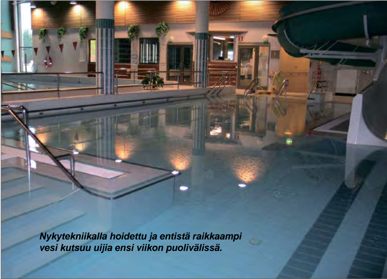
Nykytekniikalla hoidettu ja entistä raikkaampi vesi kutsuu uijia ensi viikon puolivälissä.

Virkistyskylpylä Puikkari avataan kylpijien käyttöön ensi viikon eli syyslo-maviikon puolivälissä.
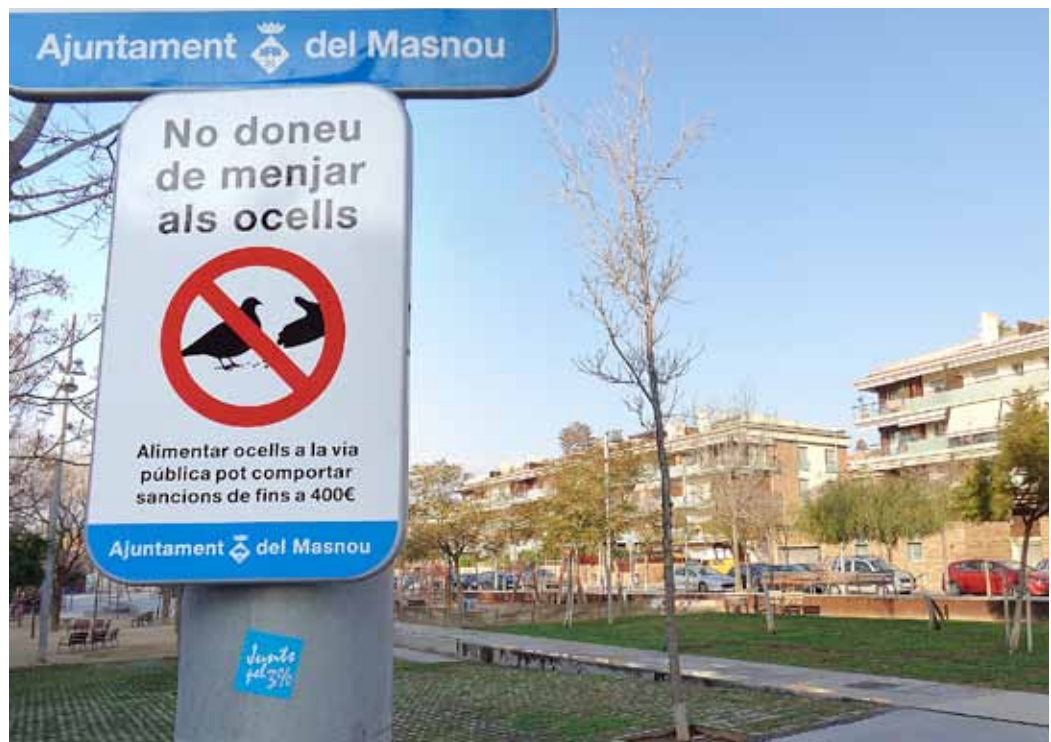
S'han col·locat cartells informatius als punts on s'han detectat persones que alimenten els ocells.

De moment, l'Ajuntament ha instal·lat mesures dissuasives als edificis municipals per evitar la concentració d'aus i ha començat a posar senyals, en alguns parcs, indicant la prohibició d'alimentar aquests animals. Es vol fer una incidència especial en la senyalització dels punts que esdevenen conflictius, perquè és on algunes persones alimenten aquestes aus. En aquest sentit, l'Ajuntament recorda que quan els ocells reben un excés d'aliment no marxen del municipi i es reproduïxen més fàcilment. Així, unit a la facilitat per trobar espais on fer el niu, fa que amb els anys hagi augmentat el nombre d'aus. Per tant, es prohibeix alimentar les aus per les conseqüències negatives que en té la proliferació. L'Ordenança reguladora de la tinença d'animals dins del terme del Masnou estableix una sanció d'en-
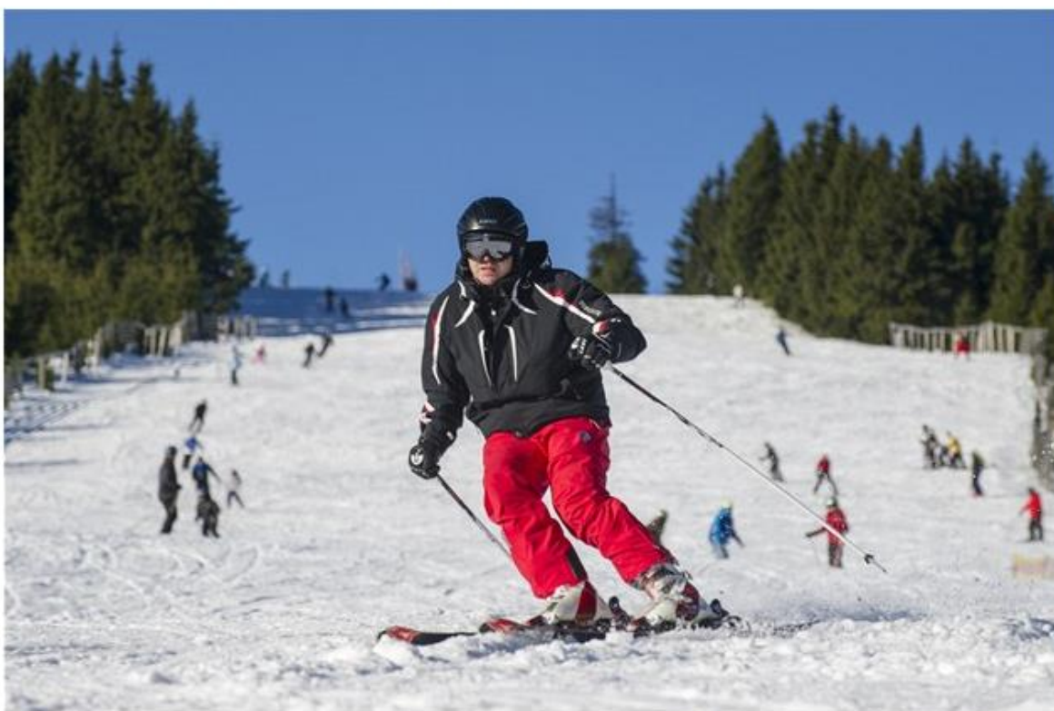
Ceny skipasů jsou žhavé téma u nás, na Slovensku, v Rakousku a zřejmě i všude jinde ve světě.

Ceny skipasů jsou žhavé téma u nás, na Slovensku, v Rakousku a zřejmě i všude jinde ve světě. Nejčastěji si stěžujeme na jejich každoroční růst, nepoměr s velikostí lyžařského areálu nebo placení za malé děti. Některé cenové souvislosti přitom mají racionální důvod, jiné však naopak překvapí.
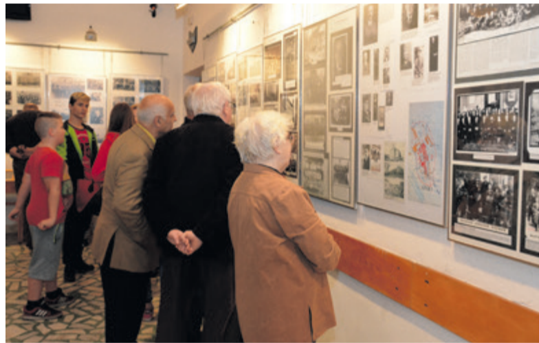
▲ Wystawy w „Małej Galerii” cieszą się dużym zainteresowaniem
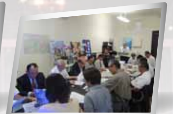
【事務所で打ち合わせ】
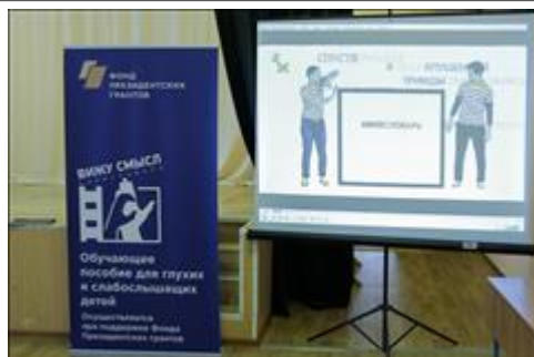
Презентация в Юкковской школе-интернате. Фото1. Кинословарь на экране для учеников и педагогов Юкковской школы-интерната.
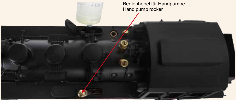
Bedienhebel für Handpumpe Hand pump rocker

Open the water tank hatches, insert the hand pump rocker. Fill proper distilled water into the tanks, close bypass valve, operate hand pump rocker to feed water to the boiler. When the water level on water gauge is high up to \frac{1}{3} , stop pumping water. Open the bypass valve.
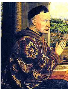
Le Chancelier Rollin peint par Jan van Eyck

Origines : Bourgeoisie Autunoise (anoblissement début XV e )
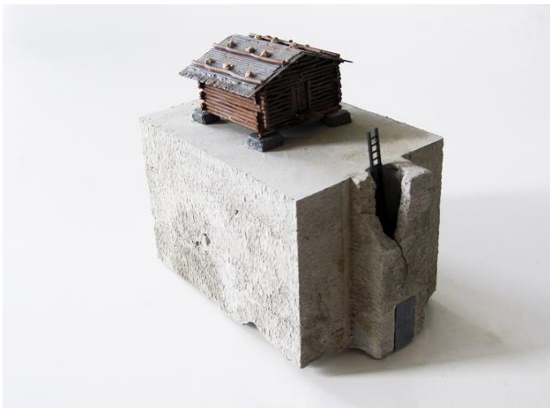
Pontormo_C_02 , Zement, Kunststoff, 15 x 9 x 13,5 cm
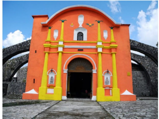
Iglesia de San Juan Bautista
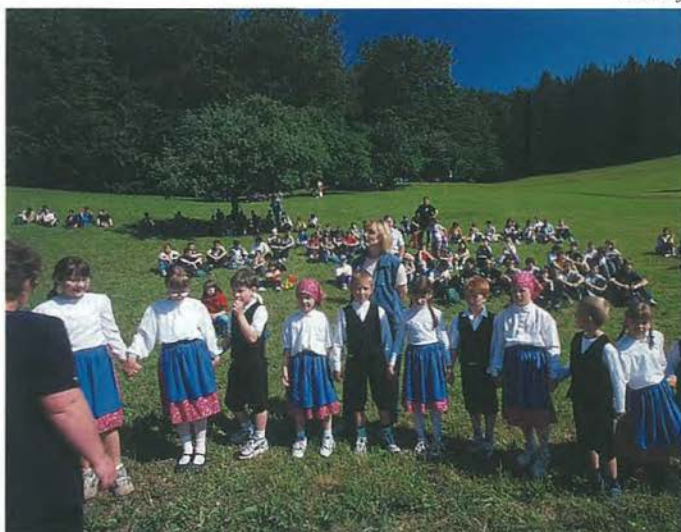
Križe (občina Krško): povsod so nas pričakali šolarji, ki so nas spremljali del poti in nam pripravili pristrčne sprejeme in pestre programe
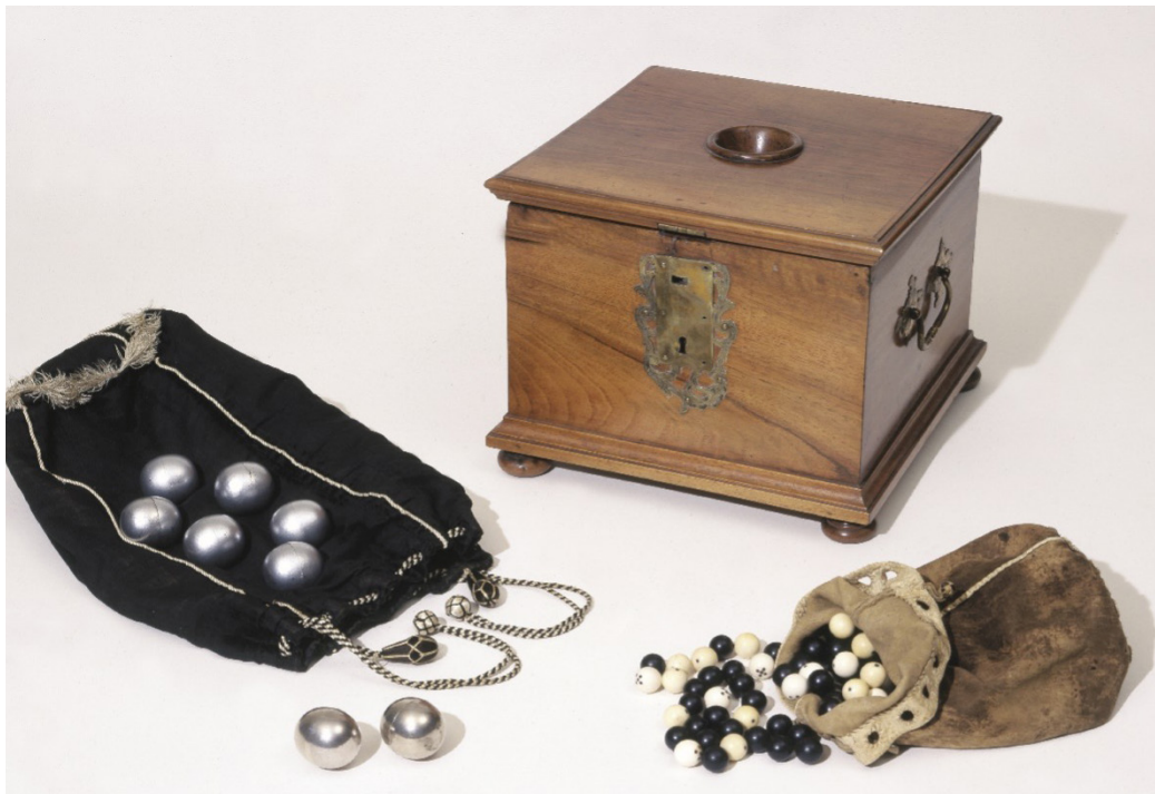
Abbildung 1: Historisches Museum Basel, Foto: M. Babey.

«Umb diese zeit ware das practicien, spendieren, rennen und laufen umb alle ämbter im höchsten grad, und respectirte man weder unseren herr Gott, weder unser geistlichen, weder die obrigkeiten noch den tewren eyd.»
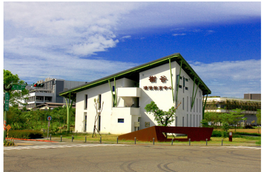
置身在臺南新市樹谷園區的「綠風箏」，不僅美觀、新穎，更是符合綠建築設計及低碳理念雙重認證的友善建築物。

後於2019年通過「環境教育設施場所」認證，發展「考古、生態、食農」三大主題導向，透過探索思辨、文化理解，嘗試以先民與生物的角度，找回人類根本與土地共好的方法，希冀將環境友善的態度落實於日常生活。
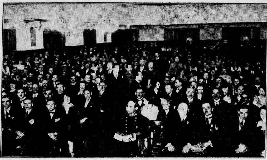
A dalárdák hangversenye az Arany Bika nagytermében. A hallgatóság.
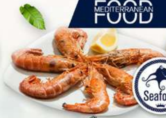
GAMBAS A LA PLANCHA Gambes a la planxa Grilled prawns 16,00€
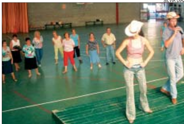
>> El country es va fer a la pista coberta

Un any més, els cursets de country han estat un dels més sol·licitats del Montcada és estiu . S'hi han inscrit 45 persones, que cada dilluns i dimecres entre l'11 i el 20 de juliol s'han acostat al ball de la música folk del sud d'Amèrica del Nord. Les classes s'han fet a la pista coberta.
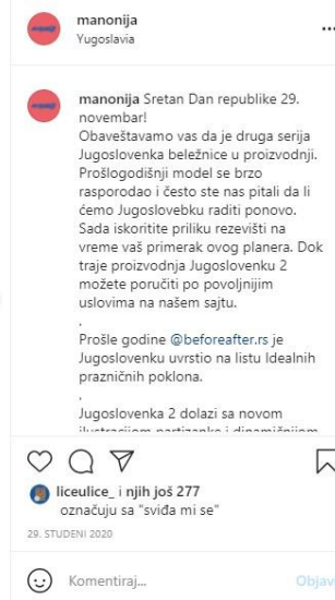
Slika 4.: Manonija - Jugoslovenka

# Your goal:
The entries above should be retyped word for word, with all pictures omitted.

# Response box:
Nykytekniikalla hoidettu ja entistä raikkaampi vesi kutsuu uijia ensi viikon puolivälissä.

Virkistyskylpylä Puikkari avataan kylpijien käyttöön ensi viikon eli syyslo-maviikon puolivälissä.
S'han col·locat cartells informatius als punts on s'han detectat persones que alimenten els ocells.

De moment, l'Ajuntament ha instal·lat mesures dissuasives als edificis municipals per evitar la concentració d'aus i ha començat a posar senyals, en alguns parcs, indicant la prohibició d'alimentar aquests animals. Es vol fer una incidència especial en la senyalització dels punts que esdevenen conflictius, perquè és on algunes persones alimenten aquestes aus. En aquest sentit, l'Ajuntament recorda que quan els ocells reben un excés d'aliment no marxen del municipi i es reproduïxen més fàcilment. Així, unit a la facilitat per trobar espais on fer el niu, fa que amb els anys hagi augmentat el nombre d'aus. Per tant, es prohibeix alimentar les aus per les conseqüències negatives que en té la proliferació. L'Ordenança reguladora de la tinença d'animals dins del terme del Masnou estableix una sanció d'en-
Ceny skipasů jsou žhavé téma u nás, na Slovensku, v Rakousku a zřejmě i všude jinde ve světě.

Ceny skipasů jsou žhavé téma u nás, na Slovensku, v Rakousku a zřejmě i všude jinde ve světě. Nejčastěji si stěžujeme na jejich každoroční růst, nepoměr s velikostí lyžařského areálu nebo placení za malé děti. Některé cenové souvislosti přitom mají racionální důvod, jiné však naopak překvapí.
▲ Wystawy w „Małej Galerii” cieszą się dużym zainteresowaniem
【事務所で打ち合わせ】
Презентация в Юкковской школе-интернате. Фото1. Кинословарь на экране для учеников и педагогов Юкковской школы-интерната.
Bedienhebel für Handpumpe Hand pump rocker

Open the water tank hatches, insert the hand pump rocker. Fill proper distilled water into the tanks, close bypass valve, operate hand pump rocker to feed water to the boiler. When the water level on water gauge is high up to \frac{1}{3} , stop pumping water. Open the bypass valve.
Le Chancelier Rollin peint par Jan van Eyck

Origines : Bourgeoisie Autunoise (anoblissement début XV e )
Pontormo_C_02 , Zement, Kunststoff, 15 x 9 x 13,5 cm
Iglesia de San Juan Bautista
Križe (občina Krško): povsod so nas pričakali šolarji, ki so nas spremljali del poti in nam pripravili pristrčne sprejeme in pestre programe
Abbildung 1: Historisches Museum Basel, Foto: M. Babey.

«Umb diese zeit ware das practicien, spendieren, rennen und laufen umb alle ämbter im höchsten grad, und respectirte man weder unseren herr Gott, weder unser geistlichen, weder die obrigkeiten noch den tewren eyd.»
置身在臺南新市樹谷園區的「綠風箏」，不僅美觀、新穎，更是符合綠建築設計及低碳理念雙重認證的友善建築物。

後於2019年通過「環境教育設施場所」認證，發展「考古、生態、食農」三大主題導向，透過探索思辨、文化理解，嘗試以先民與生物的角度，找回人類根本與土地共好的方法，希冀將環境友善的態度落實於日常生活。
A dalárdák hangversenye az Arany Bika nagytermében. A hallgatóság.
GAMBAS A LA PLANCHA Gambes a la planxa Grilled prawns 16,00€
>> El country es va fer a la pista coberta

Un any més, els cursets de country han estat un dels més sol·licitats del Montcada és estiu . S'hi han inscrit 45 persones, que cada dilluns i dimecres entre l'11 i el 20 de juliol s'han acostat al ball de la música folk del sud d'Amèrica del Nord. Les classes s'han fet a la pista coberta.
Slika 4.: Manonija - Jugoslovenka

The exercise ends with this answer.